++++ Information provided ++++

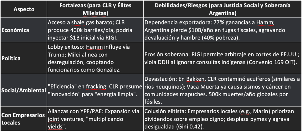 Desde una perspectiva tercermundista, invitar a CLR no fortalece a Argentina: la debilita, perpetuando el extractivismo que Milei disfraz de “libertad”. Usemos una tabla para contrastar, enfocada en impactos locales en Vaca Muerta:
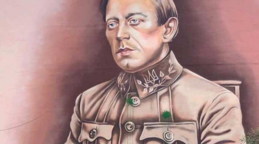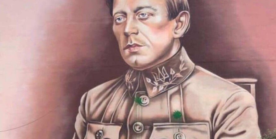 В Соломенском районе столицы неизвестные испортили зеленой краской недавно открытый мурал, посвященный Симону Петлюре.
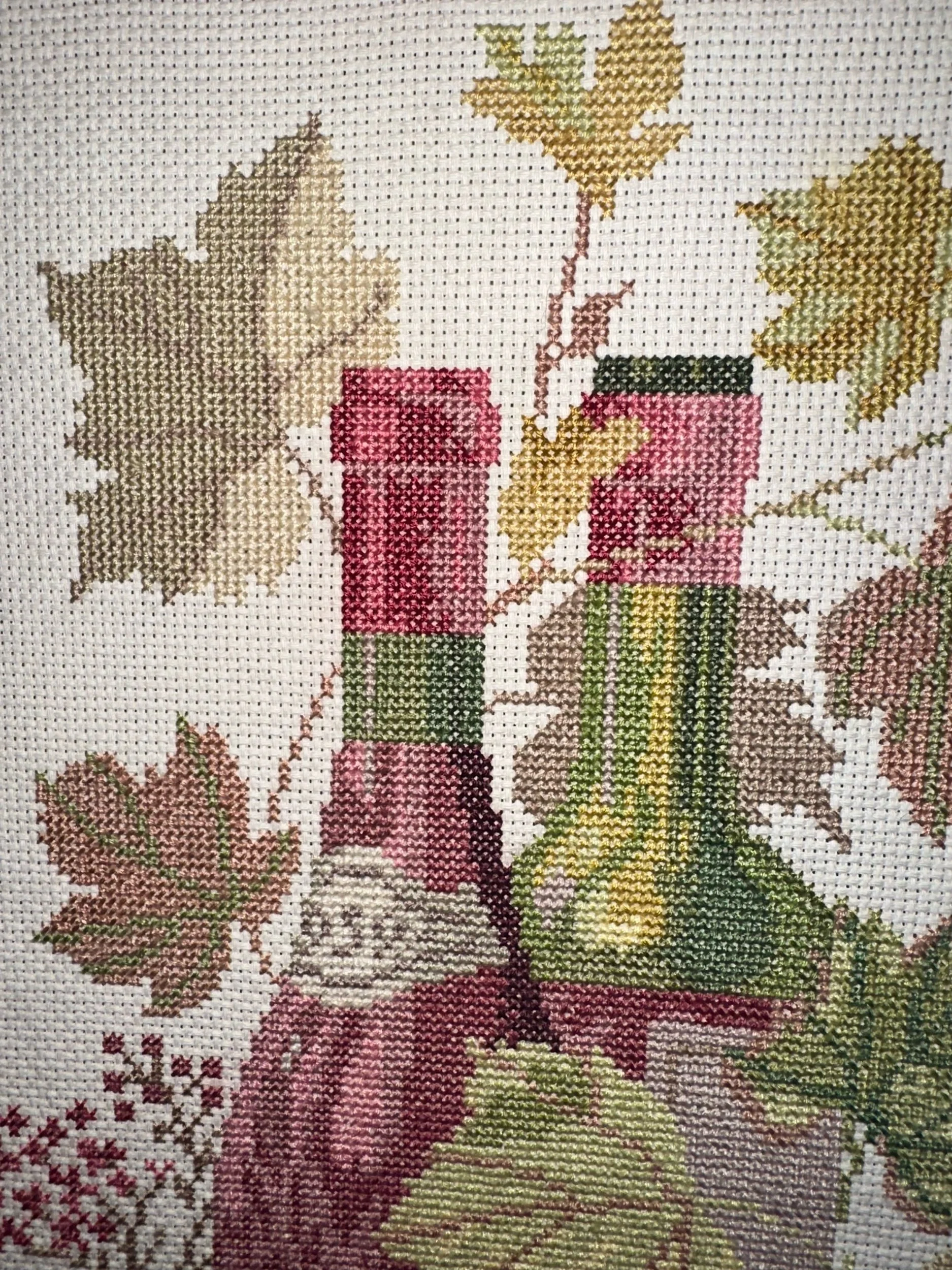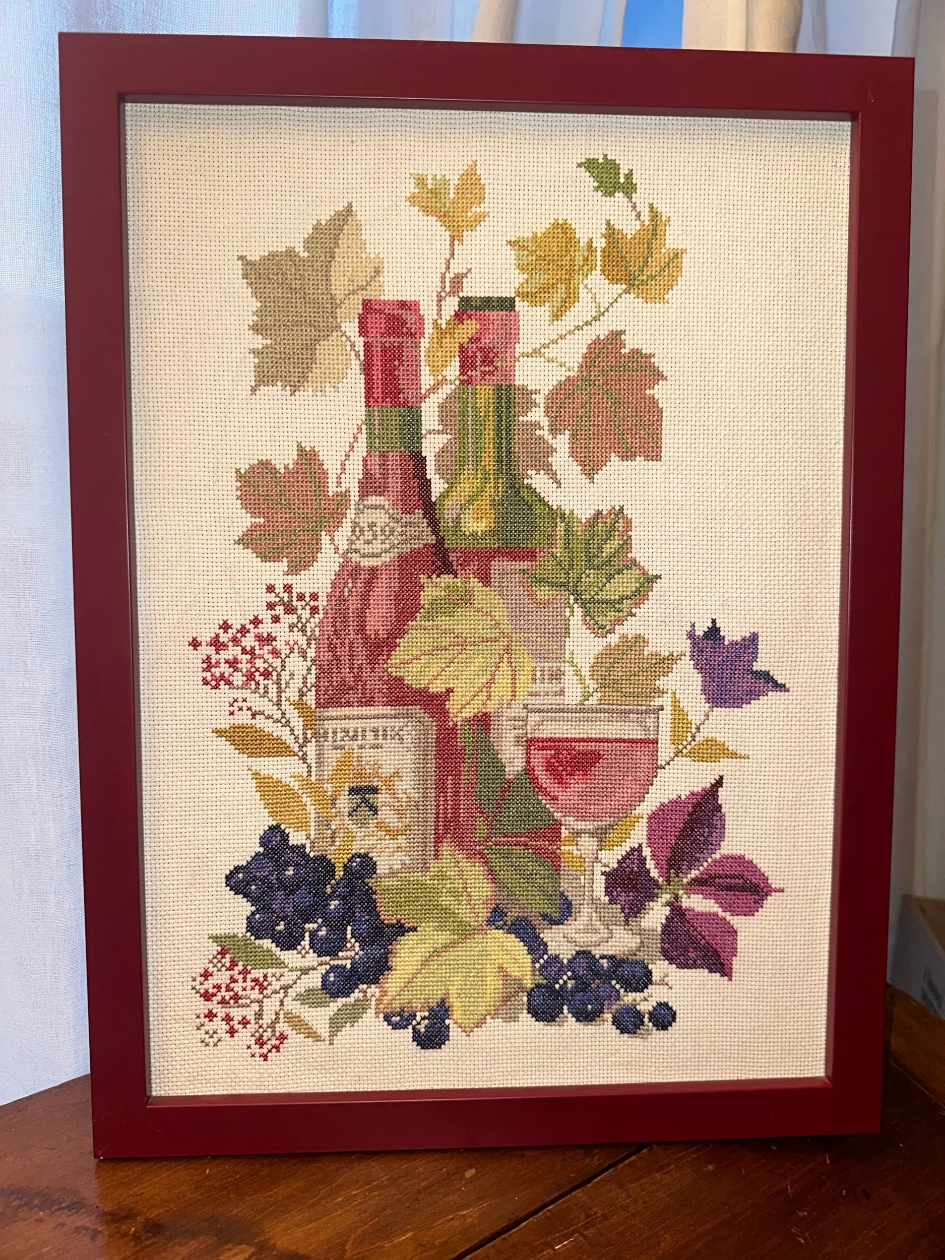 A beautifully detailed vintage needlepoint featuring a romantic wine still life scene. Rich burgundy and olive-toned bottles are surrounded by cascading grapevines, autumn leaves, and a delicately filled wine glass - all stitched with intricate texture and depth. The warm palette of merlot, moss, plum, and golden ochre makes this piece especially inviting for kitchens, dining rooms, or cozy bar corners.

++++

• Problem statement
Return the full listing above exactly as written, and omit the pictures.

• Exercise output
 Desde una perspectiva tercermundista, invitar a CLR no fortalece a Argentina: la debilita, perpetuando el extractivismo que Milei disfraz de “libertad”. Usemos una tabla para contrastar, enfocada en impactos locales en Vaca Muerta:
 В Соломенском районе столицы неизвестные испортили зеленой краской недавно открытый мурал, посвященный Симону Петлюре.
 A beautifully detailed vintage needlepoint featuring a romantic wine still life scene. Rich burgundy and olive-toned bottles are surrounded by cascading grapevines, autumn leaves, and a delicately filled wine glass - all stitched with intricate texture and depth. The warm palette of merlot, moss, plum, and golden ochre makes this piece especially inviting for kitchens, dining rooms, or cozy bar corners.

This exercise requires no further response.